## Task statement
Everything from the first line of the material to the line containing "Продаётся 2-комн. квартира", inclusive, must be given again exactly; no pictures, and nothing past that line.

*** Block opens ***

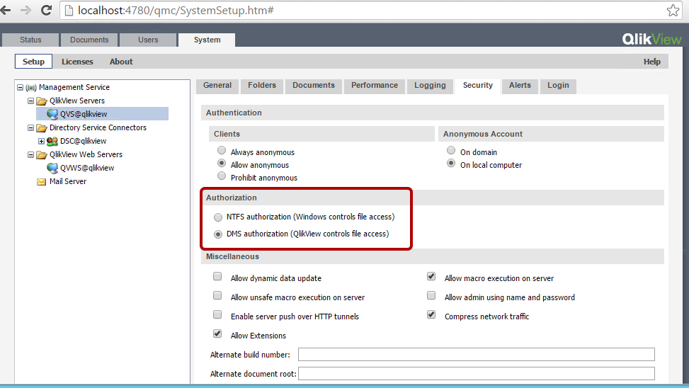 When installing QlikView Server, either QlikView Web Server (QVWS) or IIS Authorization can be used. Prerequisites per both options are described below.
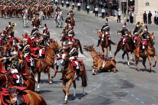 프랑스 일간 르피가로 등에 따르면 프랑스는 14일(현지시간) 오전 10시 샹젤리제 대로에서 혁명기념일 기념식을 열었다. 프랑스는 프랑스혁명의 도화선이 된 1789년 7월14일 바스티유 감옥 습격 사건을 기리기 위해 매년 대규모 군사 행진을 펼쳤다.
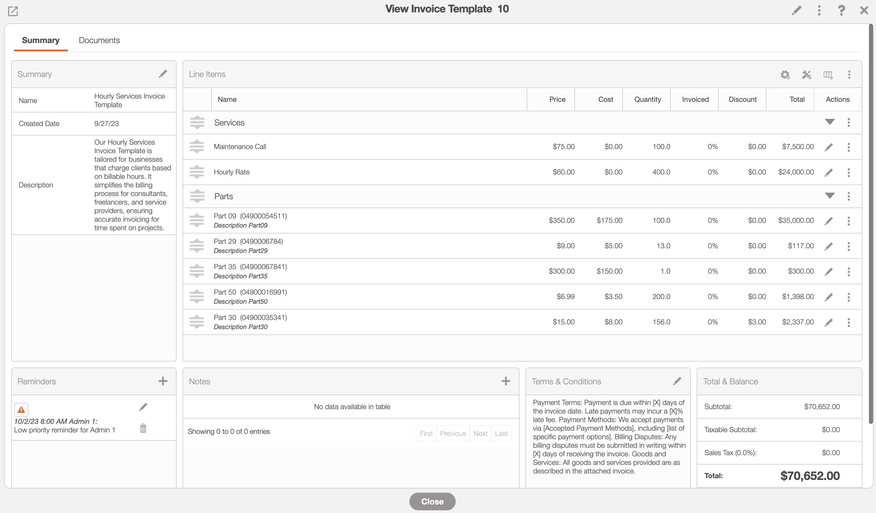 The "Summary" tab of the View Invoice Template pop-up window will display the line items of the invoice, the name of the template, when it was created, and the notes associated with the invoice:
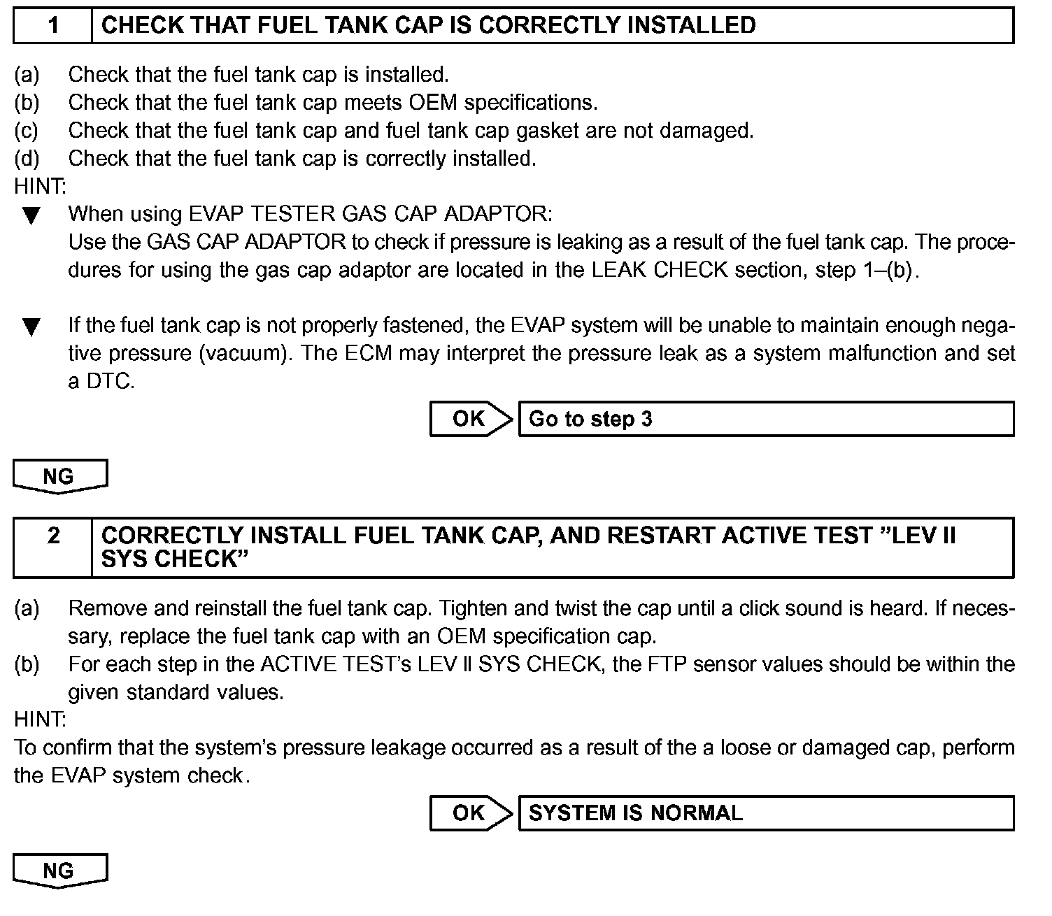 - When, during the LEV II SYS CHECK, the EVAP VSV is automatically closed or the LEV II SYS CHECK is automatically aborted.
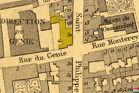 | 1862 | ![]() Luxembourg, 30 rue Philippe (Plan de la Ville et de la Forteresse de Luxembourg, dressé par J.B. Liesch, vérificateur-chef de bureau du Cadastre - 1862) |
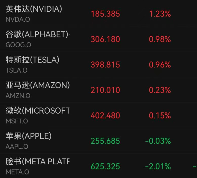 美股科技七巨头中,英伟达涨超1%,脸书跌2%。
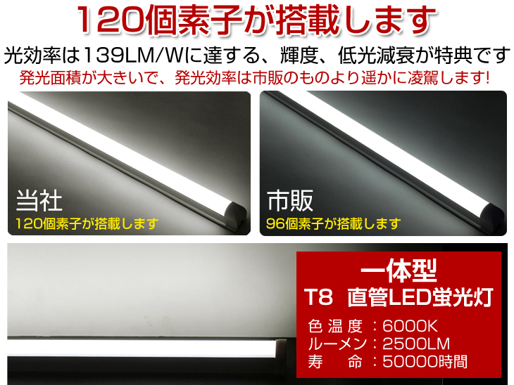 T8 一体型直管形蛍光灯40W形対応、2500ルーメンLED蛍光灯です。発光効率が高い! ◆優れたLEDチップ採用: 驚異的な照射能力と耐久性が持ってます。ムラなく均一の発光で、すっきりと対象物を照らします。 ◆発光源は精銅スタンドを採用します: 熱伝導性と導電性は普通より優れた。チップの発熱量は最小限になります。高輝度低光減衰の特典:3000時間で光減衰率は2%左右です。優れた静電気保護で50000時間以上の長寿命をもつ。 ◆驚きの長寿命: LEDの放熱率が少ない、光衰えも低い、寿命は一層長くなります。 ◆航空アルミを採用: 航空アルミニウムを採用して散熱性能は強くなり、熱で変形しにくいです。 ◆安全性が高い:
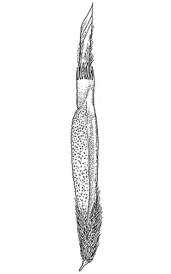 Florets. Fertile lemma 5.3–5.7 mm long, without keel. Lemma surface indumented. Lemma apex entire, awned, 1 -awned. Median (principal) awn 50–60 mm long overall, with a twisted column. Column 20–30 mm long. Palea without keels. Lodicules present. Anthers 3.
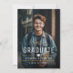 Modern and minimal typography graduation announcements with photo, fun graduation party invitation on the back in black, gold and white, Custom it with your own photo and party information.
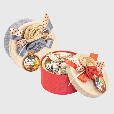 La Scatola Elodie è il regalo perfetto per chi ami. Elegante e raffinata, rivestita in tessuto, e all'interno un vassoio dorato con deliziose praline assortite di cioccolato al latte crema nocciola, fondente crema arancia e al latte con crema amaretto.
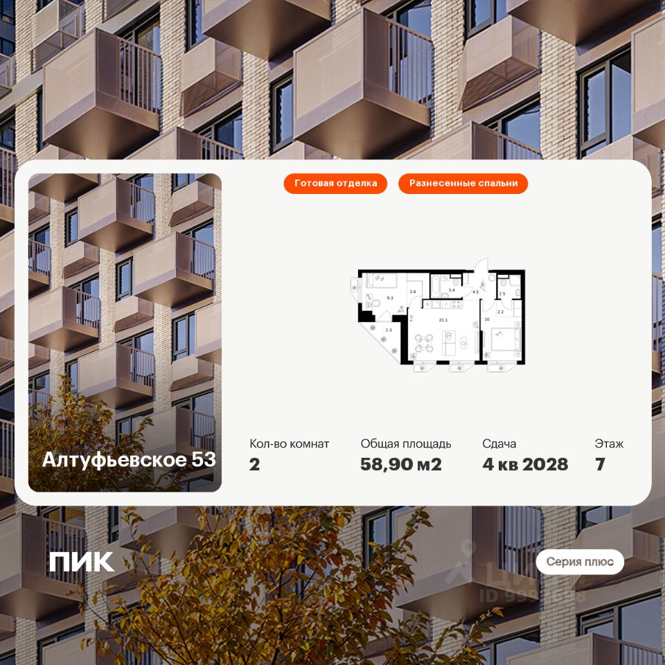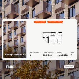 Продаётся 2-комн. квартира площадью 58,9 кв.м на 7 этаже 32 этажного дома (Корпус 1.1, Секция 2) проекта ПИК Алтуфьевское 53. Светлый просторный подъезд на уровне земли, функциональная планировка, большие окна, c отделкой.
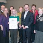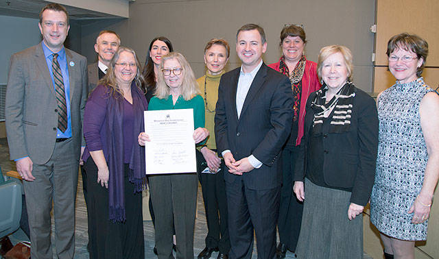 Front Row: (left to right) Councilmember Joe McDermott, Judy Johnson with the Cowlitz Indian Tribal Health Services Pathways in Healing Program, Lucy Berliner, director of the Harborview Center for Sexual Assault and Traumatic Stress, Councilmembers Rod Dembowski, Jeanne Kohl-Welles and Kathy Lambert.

*** Block closes ***

## Answer to this problem
 When installing QlikView Server, either QlikView Web Server (QVWS) or IIS Authorization can be used. Prerequisites per both options are described below.
 프랑스 일간 르피가로 등에 따르면 프랑스는 14일(현지시간) 오전 10시 샹젤리제 대로에서 혁명기념일 기념식을 열었다. 프랑스는 프랑스혁명의 도화선이 된 1789년 7월14일 바스티유 감옥 습격 사건을 기리기 위해 매년 대규모 군사 행진을 펼쳤다.
 The "Summary" tab of the View Invoice Template pop-up window will display the line items of the invoice, the name of the template, when it was created, and the notes associated with the invoice:
 - When, during the LEV II SYS CHECK, the EVAP VSV is automatically closed or the LEV II SYS CHECK is automatically aborted.
 | 1862 | ![]() Luxembourg, 30 rue Philippe (Plan de la Ville et de la Forteresse de Luxembourg, dressé par J.B. Liesch, vérificateur-chef de bureau du Cadastre - 1862) |
 美股科技七巨头中,英伟达涨超1%,脸书跌2%。
 T8 一体型直管形蛍光灯40W形対応、2500ルーメンLED蛍光灯です。発光効率が高い! ◆優れたLEDチップ採用: 驚異的な照射能力と耐久性が持ってます。ムラなく均一の発光で、すっきりと対象物を照らします。 ◆発光源は精銅スタンドを採用します: 熱伝導性と導電性は普通より優れた。チップの発熱量は最小限になります。高輝度低光減衰の特典:3000時間で光減衰率は2%左右です。優れた静電気保護で50000時間以上の長寿命をもつ。 ◆驚きの長寿命: LEDの放熱率が少ない、光衰えも低い、寿命は一層長くなります。 ◆航空アルミを採用: 航空アルミニウムを採用して散熱性能は強くなり、熱で変形しにくいです。 ◆安全性が高い:
 Florets. Fertile lemma 5.3–5.7 mm long, without keel. Lemma surface indumented. Lemma apex entire, awned, 1 -awned. Median (principal) awn 50–60 mm long overall, with a twisted column. Column 20–30 mm long. Palea without keels. Lodicules present. Anthers 3.
 Modern and minimal typography graduation announcements with photo, fun graduation party invitation on the back in black, gold and white, Custom it with your own photo and party information.
 La Scatola Elodie è il regalo perfetto per chi ami. Elegante e raffinata, rivestita in tessuto, e all'interno un vassoio dorato con deliziose praline assortite di cioccolato al latte crema nocciola, fondente crema arancia e al latte con crema amaretto.
 Продаётся 2-комн. квартира площадью 58,9 кв.м на 7 этаже 32 этажного дома (Корпус 1.1, Секция 2) проекта ПИК Алтуфьевское 53. Светлый просторный подъезд на уровне земли, функциональная планировка, большие окна, c отделкой.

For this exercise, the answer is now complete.